魅了魔法の魔法道具であることは予想していたけれど、まさかその上を行く効果があるものだったなんて。
「カリストはこうなることを予測して、僕たちに鑑定を依頼したのか?」
「どういうことですか?」
「王宮に魔法道具鑑定のプロフェッショナルがいないわけがないだろう」
「確かに……その通りですね」
私ははっとした。ジェイデン様の言うとおり、本来なら専門家に依頼すべきだ。
「ただ、王宮内で頼んだ場合、効果によっては大事になる。だが、僕たちであれば、カリスト次第で内々におさめることも出来るだろう。まあ、洗脳魔法という結果が出た以上、それはおそらく無理だろうが。この鑑定結果は、僕からカリストに報告しておくよ」
「お願いします」
洗脳魔法。
私はテーブルの上のハンカチを見つめる。危険なものなので、管理は慎重にしなければ。
「一体、誰がこんな危険な物を作ったんでしょう」
シェリーは好感度アップアイテムを求めていたけれど、洗脳しようとまでは思っていないはずだ。
アビゲイル様にきいた「フェル学」は、あくまで恋愛とヒロインの成長が主軸で、陰謀などは関わっていなかった。なのにいきなり洗脳魔法。重すぎる。
「うちと関わりがある魔法道具店については調査中だったが、おそらくシロだろうな。あのひどい出来の魔法回路をよしとする人間はいないはずだ」
ジェイデン様の言葉に、確かに、と少し笑ってしまった。
「魔法薬の出来はかなりよかったですから、そちらが得意なところっぽいですね」
「ああ。昔ながらの工房の可能性が高そうだ。

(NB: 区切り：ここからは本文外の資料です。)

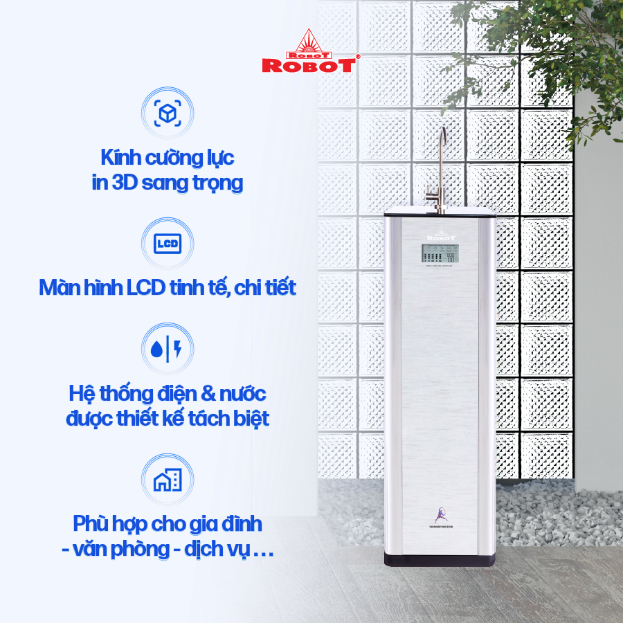 • Kích thước máy nhỏ gọn tối ưu, không chiếm diện tích, phù hợp mọi không gian lắp đặt.   Máy lọc nước ROBOT Thế hệ mới có kiểu dáng hiện đại, tinh tế, phù hợp với nhiều không gian và phong cách nội thất khác nhau

――彼女が洗脳魔法のアイテムを渡していたとすると、あの光景にも納得がいくな」
ジェイデン様の呟きに私は首をかしげた。
「あの光景とは?」
「試験結果発表のとき、ブライアウッド嬢が男子生徒を侍らせていただろう? もしかして、彼らは既にブライアウッド嬢に洗脳されているんじゃないか?」
あ、と私は思わず口元を手で押さえた。
定期試験の順位表の前で繰り広げられていた異様な光景。
攻略対象である彼らがシェリーに向ける感情は、好意というよりも信奉のようにすら見えた。
それが、洗脳されていたからだとしたら?
――十分ありえるような気がする。
そして、あの三人が既にシェリーに洗脳されているとしたら、非常に問題だ。何しろ三人ともフェルネア王国では名門とされる家の人間だ。そして能力もそれなりに高い。
シェリーにはそんなつもりはなくても、彼らがシェリーの支配下に置かれている可能性があるという事実だけで重い。
「その可能性は高そうです」
「早々に確認する必要があるな」
私はジェイデン様のその言葉にこくりとうなずいた。
「明日、早速学校で……」
「エレイン。もしかして君は直接確かめるつもりか?」
私が意気込むと、ジェイデン様に咎められる。
「そのつもりですが、何か問題が?」
洗脳されているかどうかを確認するには目を見ればいい。虹彩に時折補色がちらつくのだ。例えば緑の瞳だったら赤。ある程度近くに寄らないとわからない程度のものだ
「問題ばかりだ。相手は洗脳されているんだぞ。そんな危険な相手に君を近づけさせるわけにはいかない」
考えすぎだ、とジェイデン様を笑い飛ばすことはできなかった。
洗脳魔法は、何が相手の刺激になるかわからない。一見普通に見えても、何気ない言葉で相手が豹変してしまう可能性もあるのだ。慎重に接する必要がある。
「でも、確認しないといけないじゃないですか」
もしかしたら、私がゲームで作っていたかもしれない道具。
退かない私に、ジェイデン様がため息をついた。
「君は自分の目で確認しないと納得しないんだろうな。わかった。ただし、僕も一緒だ」
翌日。私は朝早くジェイデン様と落ち合って、ピアソン伯爵令息、ドラクモンド辺境伯令息、シルヴァラン侯爵令息の様子を確認した。
結論を言おう。三人は、皆すでに洗脳されていた。